Hastings Workshop: Tooling Our Language

No matter what we say, our words will be wasted in the lands of politics and development. This, at least, is a common fear I observe in community consultations I go to. Indeed, the word, which is one of the core tools of human communications, is also a source of much misinterpretation and even distortion.

Sightlines-Merge-Notes

The slope along Hastings is a feature of the sub-area. A part of the discussion relating to building heights, I tried to hear from my fellow residents around the table, what might be their preference of a possible future. The option here imagines a gradual reduction of building heights from Clark Dr. to Nanaimo Street.

We can’t let that discourage us from participating in life. Whether spoken or otherwise, our words lead to action. My challenge is to articulate insights into words that reflect my intentions. Our challenge as a society is to strike a fair balance between individual needs-and-interests and those of the community. The more we invest in articulating our interests and concerns the better we pave the ground for sustainable action. Our words then become building blocks and stepping stones.

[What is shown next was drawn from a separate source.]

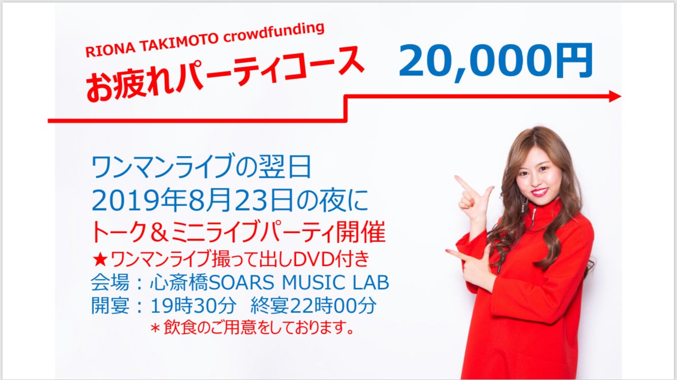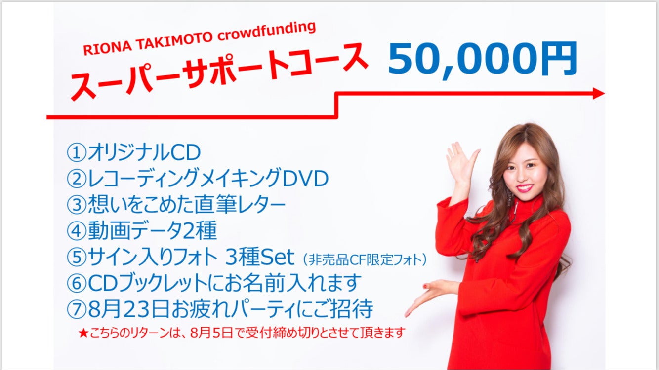 この度は、瀧本りおなクラウドファンディング「お疲れパーティーコース」または「スーパーサポートコース」にご支援を賜り、誠に有難うございました!

While walking along the Hastings Street sub area I was looking for phrases to support my dialogue in the workshop that was hosted in the Aboriginal Friendship Center on Saturday, February 14. My first phrase is a question: how much of the local economy relies on visitors?

Immediately on arrival at the intersection of Hastings and Nanaimo you will notice the slope taking you down from east to west. Some of the building fronts are stepped in response to this slope. This feature as a carrier of character could become a message into the future. Let’s call it Shaping form in response to topography.

As soon as you step away from Hastings Street the relative quiet of the blocks is a pleasant surprise. Pandora park is being renewed and its field house is home to a group called ‘Dance Troupe‘ for the coming three years. It will be interesting to see how well the park serves the growing community. Could this sub area benefit from another park between Pandora and Woodland? Our future could benefit from Exploring unlikely opportunities.

The commodity of unobstructed views is a tough challenge. Does my quality of living rely so heavily on seeing the mountains from my bathroom? If I step out to dance in the streets, will I be better off or dismissed as a lunatic?

Pender Street, between Victoria Dr. and Templeton Dr. has an uncommon tree lined median that I wish we saw more of in our city’s streets. With proper landscape design such a median could encourage fantastic social activity. A larger number of residents is expected to live in the area as well as reach it for any purpose. A median such as the one on Pender could be a lovely landing, gathering and departure spot. The phrase I make of this example is Enhancement of existing features.

The more I go to community events like the ones in Grandview Woodland, the more I hope they continue. They provide layers of exchange that reach beyond their immediate purpose. Looking back at the workshop on Saturday, here is a quick list of the above points and some more:

  • How much of the local economy relies on visitors?
  • Shaping form in response to topography.
  • Explore unlikely opportunities.
  • Enhance existing features.
  • Maintain a flow of all trafic modes.
  • Develop programming that supports the built space.
  • Develop space that supports required programming.

Final Thoughts The word is one of the core tools of human communications. Since its first days of employment in our society, the word has removed us from the immediate concerns of survival. This in itself is both a source of inspiring opportunities and depressing dangers. Our ability to reach high levels of collaboration is based on stories that have united us in every step of history. The word is present in mind and matter: we can remember stories and pass them between generations; our products allow us to extend our control of the environment beyond the limits of our own bodies.

Variety is an often heard expression of desires. It makes life interesting, challenges us to accommodate each other, reflects our own personalities. If our policies successfully reflected this desire, our streets could become not only interesting but also part of our lives.

Variety is an often heard expression of desires. It makes life interesting, challenges us to accommodate each other, reflects our own personalities. If our policies successfully reflected this desire, our streets could become not only interesting but also part of our lives.

The city is human kind’s most complex tool. When we gather to discuss the future of that tool, I find it fascinating to reflect back on the word. It’s useful to see the connection between words and buildings, words and streets, plants and landscapes. Apart from having functional purpose they all communicate a variety of needs and interests. They have a language of their own. The gatherings in Grandview Woodland these days are an intriguing opportunity to both read the language of the place and help its future society have a compelling story to live and tell.